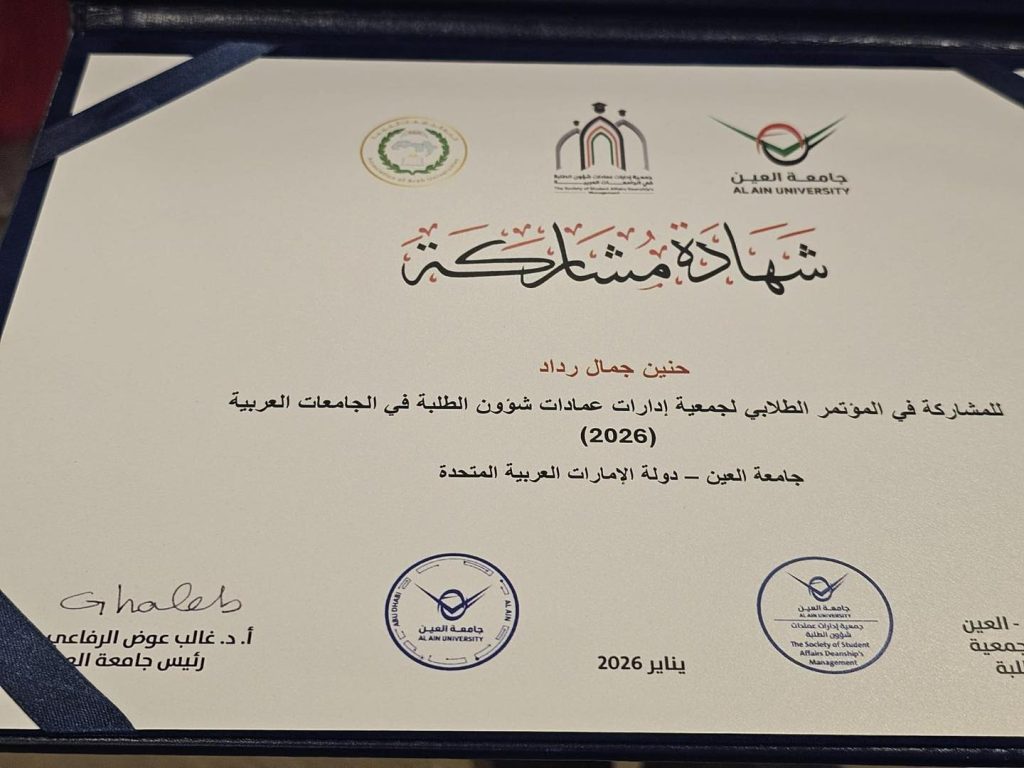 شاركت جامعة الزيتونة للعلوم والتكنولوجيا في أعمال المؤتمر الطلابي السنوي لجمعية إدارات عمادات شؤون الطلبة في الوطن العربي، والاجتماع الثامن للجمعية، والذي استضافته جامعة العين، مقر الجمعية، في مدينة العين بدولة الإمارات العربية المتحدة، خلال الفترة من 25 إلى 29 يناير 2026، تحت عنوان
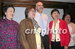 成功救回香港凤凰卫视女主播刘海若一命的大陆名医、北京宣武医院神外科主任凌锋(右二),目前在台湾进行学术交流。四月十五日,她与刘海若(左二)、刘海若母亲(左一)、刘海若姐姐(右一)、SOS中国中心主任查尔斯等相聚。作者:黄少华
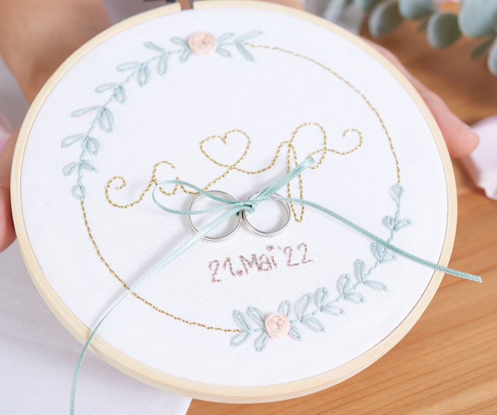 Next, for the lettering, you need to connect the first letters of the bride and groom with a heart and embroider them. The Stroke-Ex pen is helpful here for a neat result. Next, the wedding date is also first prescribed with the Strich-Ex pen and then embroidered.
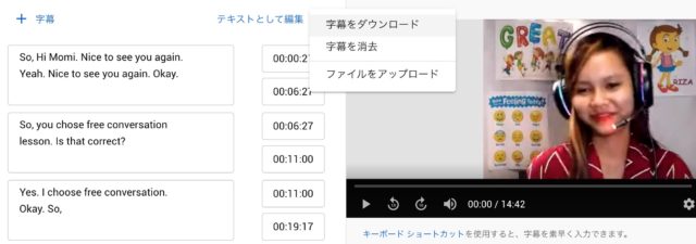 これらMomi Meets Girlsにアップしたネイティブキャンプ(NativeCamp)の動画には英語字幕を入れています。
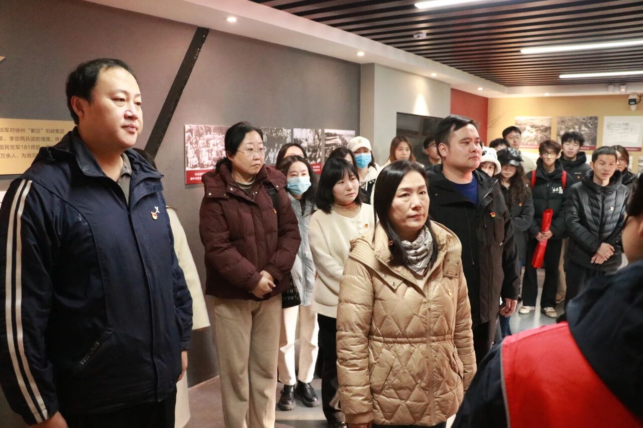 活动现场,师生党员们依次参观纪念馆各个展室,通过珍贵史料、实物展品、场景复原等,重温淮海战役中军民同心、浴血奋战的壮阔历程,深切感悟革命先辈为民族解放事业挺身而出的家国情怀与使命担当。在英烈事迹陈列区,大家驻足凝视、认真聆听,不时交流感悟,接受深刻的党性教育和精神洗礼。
────────────────────
### Assignment
Write out the whole listing again, exactly, with no pictures.

### Your response
 شاركت جامعة الزيتونة للعلوم والتكنولوجيا في أعمال المؤتمر الطلابي السنوي لجمعية إدارات عمادات شؤون الطلبة في الوطن العربي، والاجتماع الثامن للجمعية، والذي استضافته جامعة العين، مقر الجمعية، في مدينة العين بدولة الإمارات العربية المتحدة، خلال الفترة من 25 إلى 29 يناير 2026، تحت عنوان
 成功救回香港凤凰卫视女主播刘海若一命的大陆名医、北京宣武医院神外科主任凌锋(右二),目前在台湾进行学术交流。四月十五日,她与刘海若(左二)、刘海若母亲(左一)、刘海若姐姐(右一)、SOS中国中心主任查尔斯等相聚。作者:黄少华
 Next, for the lettering, you need to connect the first letters of the bride and groom with a heart and embroider them. The Stroke-Ex pen is helpful here for a neat result. Next, the wedding date is also first prescribed with the Strich-Ex pen and then embroidered.
 これらMomi Meets Girlsにアップしたネイティブキャンプ(NativeCamp)の動画には英語字幕を入れています。
 活动现场,师生党员们依次参观纪念馆各个展室,通过珍贵史料、实物展品、场景复原等,重温淮海战役中军民同心、浴血奋战的壮阔历程,深切感悟革命先辈为民族解放事业挺身而出的家国情怀与使命担当。在英烈事迹陈列区,大家驻足凝视、认真聆听,不时交流感悟,接受深刻的党性教育和精神洗礼。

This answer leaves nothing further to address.